Тем временем Олечка сняла с полки кувшин и накрыла цедилкой.
— Пойдешь корову доить? — спросил он неуверенно, чувствуя себя непрошеным гостем.
— Пойду. Поздно уж очень, завозились со всем этим.
— Пропади оно пропадом, уж так плохо, гадко и тяжело.
И по одному его хриплому голосу можно было заключить, что ему действительно тяжело. Он продолжал:
— Я, пожалуй, у вас с конем на дворе переночую. Право, не знаю, куда податься: темно, поздно, чужая сторона. А завтра отправлюсь куда-нибудь. А где же все твои, что ты дома одна?
— Матери своей я не помню, она давно умерла, и младшая сестра моя умерла еще маленькой, а отец на войне и ничего мне не пишет.
Она пошла. Идя за ней, он спросил:
— Где бы это достать чего, коня накормить?
Она ничего не ответила, и он больше не спрашивал. Они увидели, как солдат ссаживал с телеги больного немца: держа его под руку, солдат почти нес немца к сеням, и тот, согнувшись крючком, вяло перебирал ногами. Олечка и ее неожиданный гость начали помогать солдату. Сообща ввели они немца в хату и положили на лавку. Солдат сел рядом и закурил.

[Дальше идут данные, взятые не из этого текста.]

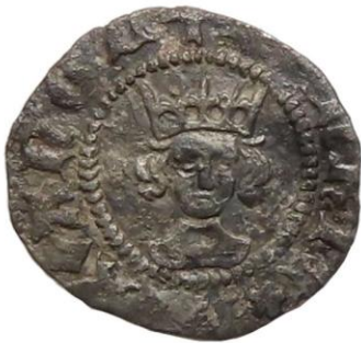
HENRY VI HALFPENNY 1430-1431 CALAIS

July has been a dry month and members have been struggling, but here are a few finds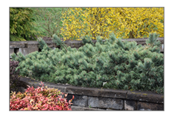
Albyn Prostrate Scotch Pine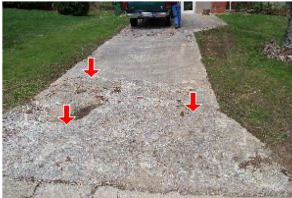
2.4 Picture 1

The concrete drive at the front of home are deteriorated in areas. A general replacement is likely. A qualified contractor should inspect and repair as needed.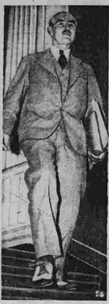
REPORTS —Joseph C. Grew, U. S. ambassador to Tokyo, on Monday, August 22, left for Japan after reporting in Washington, D. C.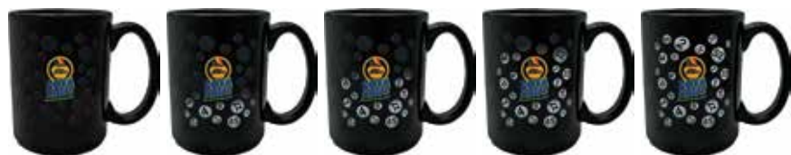
140-70 -- Lottery numbers appear when mug is hot

This works well when the Vanish-Ink matches the color of the mug.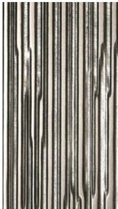
Liquid Metal Tin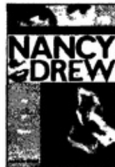
Pit of Vipers

Have you solved all of Nancy's latest cases?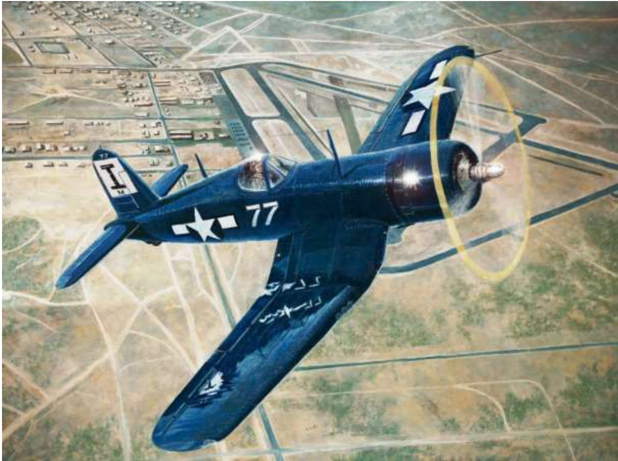
F4U Corsair over MCAS Mojave painting by Douglas Castleman

corrected the trouble with the aircraft flipping over onto its back. Captain Shaw had 164 hours in Corsairs during the last three months with a total of 1146 hours in the type. The total time on Corsair #17936 was 551 hours.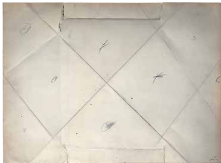
Antoni Tàpies. Paper amb plecs i signes (Paper with Folds and Signs, 1964). Pencil on folded and torn paper. 50 × 68 cm. Fundació Antoni Tàpies, Barcelona. © Fundació Antoni Tàpies / VEGAP, 2023.

Paper, cardboard and collage were already there at the beginning of Tàpies' artistic practice, especially in the works made from 1946 to 1947, when the artist was in his early twenties, but it was not until 1958 when the use of these materials became increasingly important, alongside the famous matter paintings. Under the influence of Marcel Duchamp and Kurt Schwitters, Tàpies experienced at that time 'the necessity of insisting on and going deeper into that message of the insignificant, of things worn out, dramatised by time.' 9 Why then precisely? In the late 1950s, on both sides of the Atlantic, a new generation of artists was reacting against the hegemony of Informalism and Abstract Expressionism and looking for new ways of representing reality. The use of new materials, of collage and assemblage, became fairly generalised and in 1960 the landmark exhibition New Forms, New Media was held at the Martha Jackson Gallery, New York, 10 with the participation of around seventy artists, Tàpies among them. The aim was to reflect the substantial changes that were taking place in the art world, and which would soon explode with the arrival of Pop Art, performance and Minimalism. In Tàpies' works of the 1960s and 70s, drawing is very closely linked to collage, assemblage, grattage, tearing, folding and manipulating materials to put them at the centre of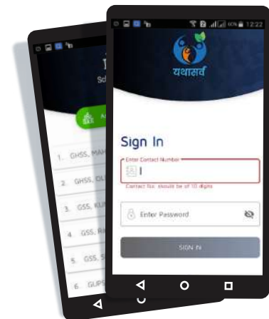
Yathasarvam Mobile App

incremental progress made from February-March 2019. A complimentary letter from CEO, NITI Aayog, was also received in this regard.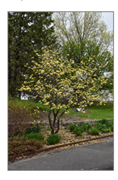
Butterflies Magnolia in bloom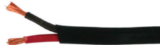
2 Conductor, Black Jacketed Flat Cable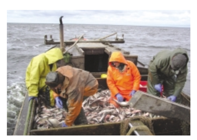
Commercial fishing in Lake Peipus, Estonia

salmon fishing in all rivers and river mouths with wild salmon stocks. These Resolutions were passed because of the need to stop further degradation of wild salmon stocks and to rebuild the population of wild salmon in the Baltic Sea. These two resolutions paved the way for the development and adoption of the Baltic Salmon Action Plan during the IBFSC's Extraordinary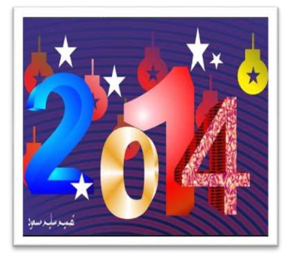
Designed by Illustrator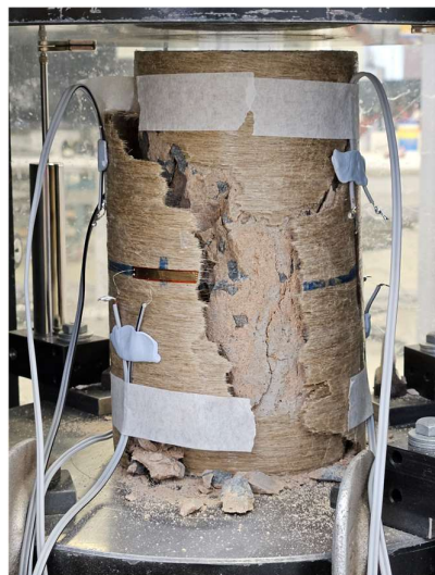
3 Day Salt 2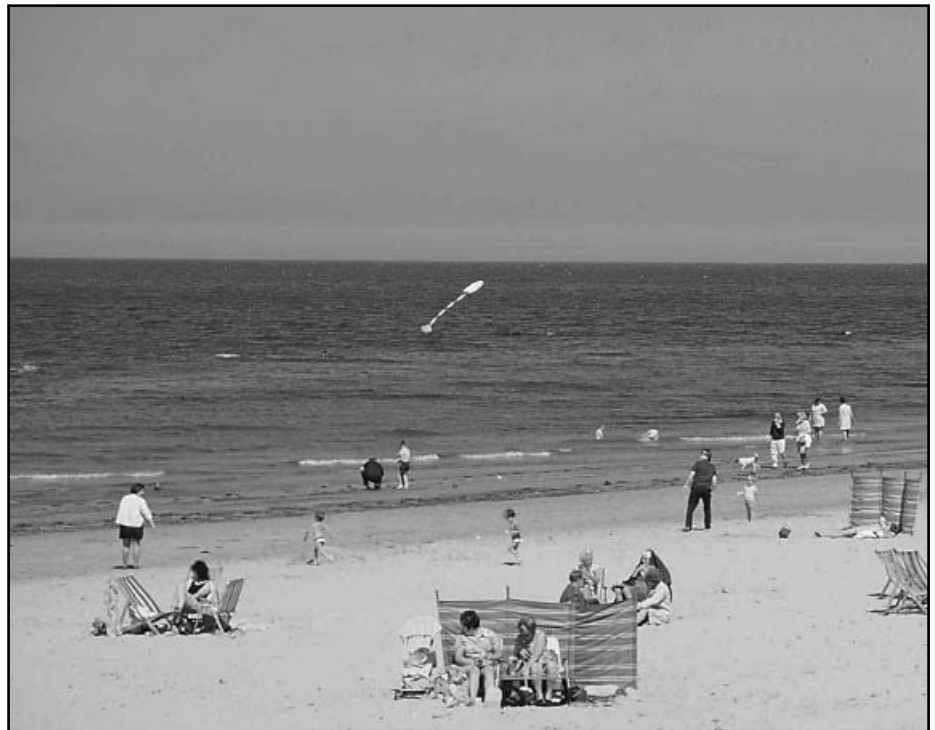
Photograph of public beach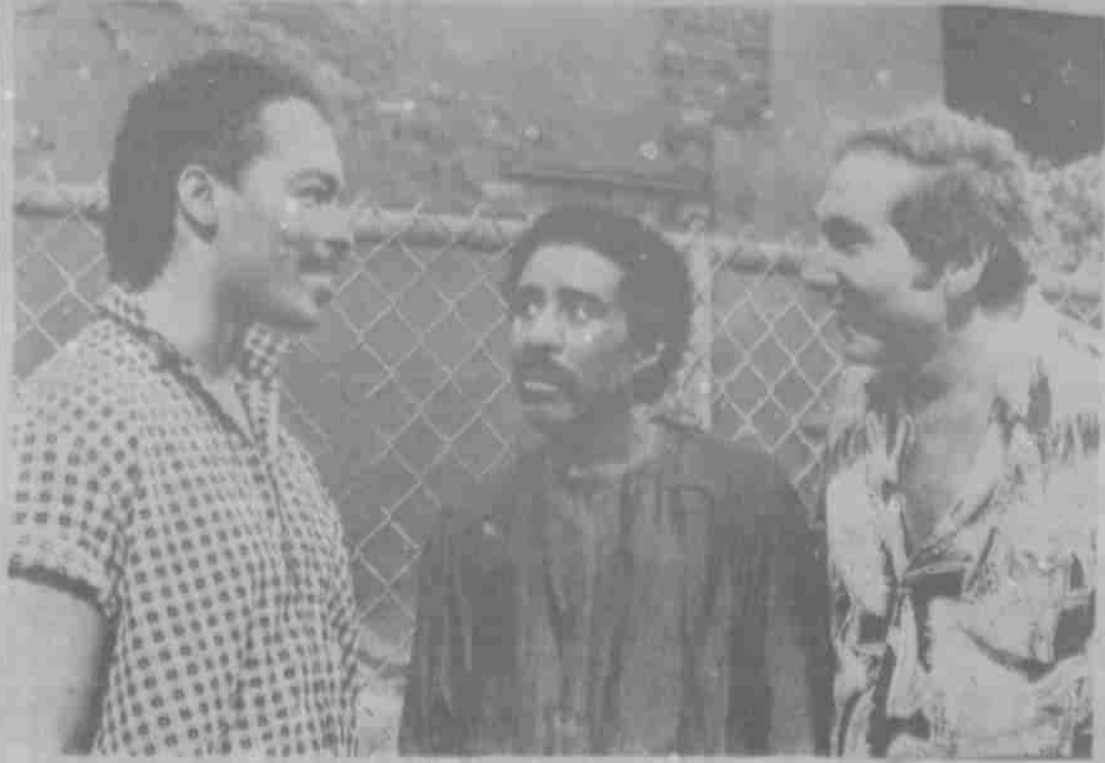
Ray Parker Jr. has topped the popular music charts over the past several weeks with his big hit record "Ghostbusters". He has since been signed by producer, Marty Krofft, to write and perform the theme song to "Pryor Place", a 1/2 hour live action children's television show which airs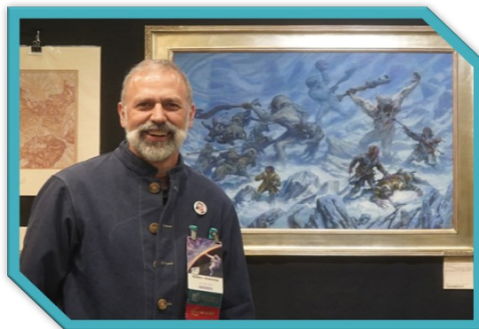
Aug 14 GOH Artist Donato Giancola by Zoe Cai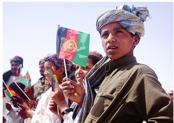
Local children waving Afghan flags during the celebration of Eid Il-Iftar, Helmand Province

Eid means “festival” in Arabic, and Eid al-Fitr or Eid Ramazan (The Feast of the End of the Fast) marks the end of Ramadan. Muslims celebrate the end of the fast with a large, multiday feast with family and friends. One of the holiest days in Islam, Eid Qorban or Eid al-Adha (The Feast of Sacrifice), marks the 12th month of the Islamic calendar. It traditionally marks the end of the Muslim pilgrimage, or hajj , to Mecca. The festival commemorates Abraham’s willingness to sacrifice his son in obedience to Allah. People celebrate their happiness and show forgiveness during the two Eid periods.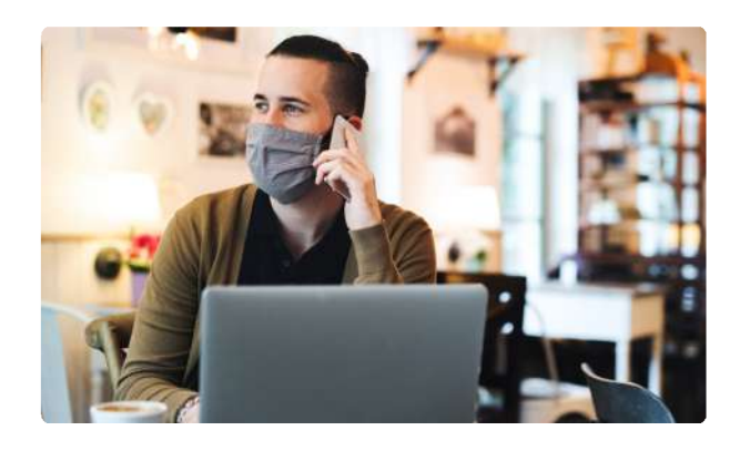
COVID101: How to Follow Up With Customers After Entering Their Homes?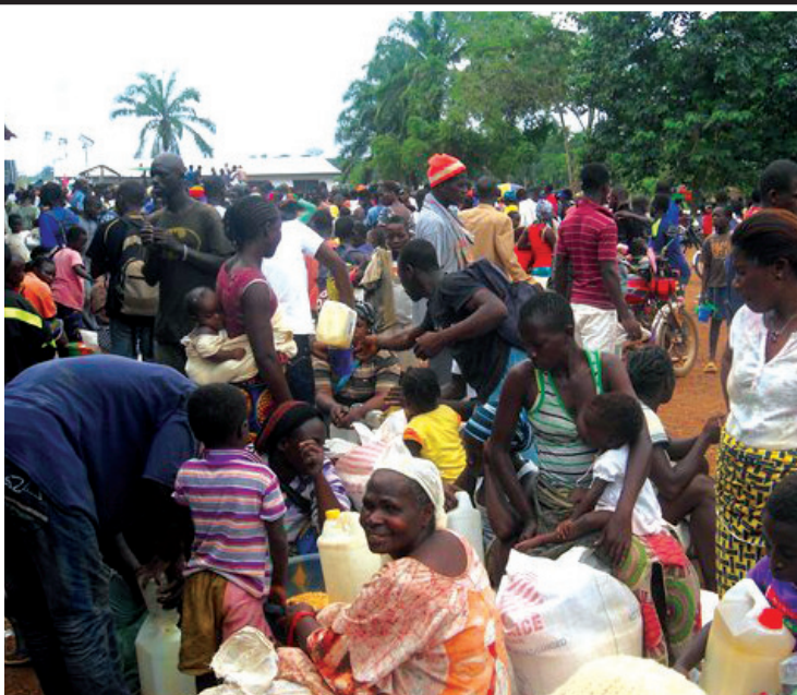
Food distribution at PTP Refugee Camp

Олечка доила корову. Молодой беженец стоял около нее, порываясь что-то сказать. Наконец он таки сказал:
— Мы из-под Вилейки. (Олечка молчала, как вполне взрослая, степенная женщина.) Слушай, я там за канавами видел стога. Поеду привезу сена, так что и твоему коню хватит.
— А если кто увидит?
— Я не боюсь, я беженец.
— Но это же чужое.
— У меня ведь не спрашивали, когда с больным отцом из хаты выгоняли.
И снова недетская серьезность охватила Олечку.
— Так я поеду, а ты ворота не закрывай.
Олечка оторвалась от работы и в раздумье промолвила:
— А тут еще этот немец больной в хате.
— Гибель. И я поездил с ним.
И они будто сговорились между собой о каком-то лишь им одним известном деле. Понимая все с намека, они взглянули друг другу в глаза. Она снова принялась доить корову, а он с пустой телегой тихонько выехал со двора.
Прошло часа полтора, пока он вернулся. В одном из окон Олечкиной хаты светился огонь. Он вошел. Олечка спала на скамье у печки. Солдат поил лежавшего немца молоком из ложки. Но едва паренек переступил порог, Олечка вскочила, будто ее, сонную, пронзило электрическим током. Вместе они вышли в сени.
— Привез, — сказал он. — Я дам и твоему коню.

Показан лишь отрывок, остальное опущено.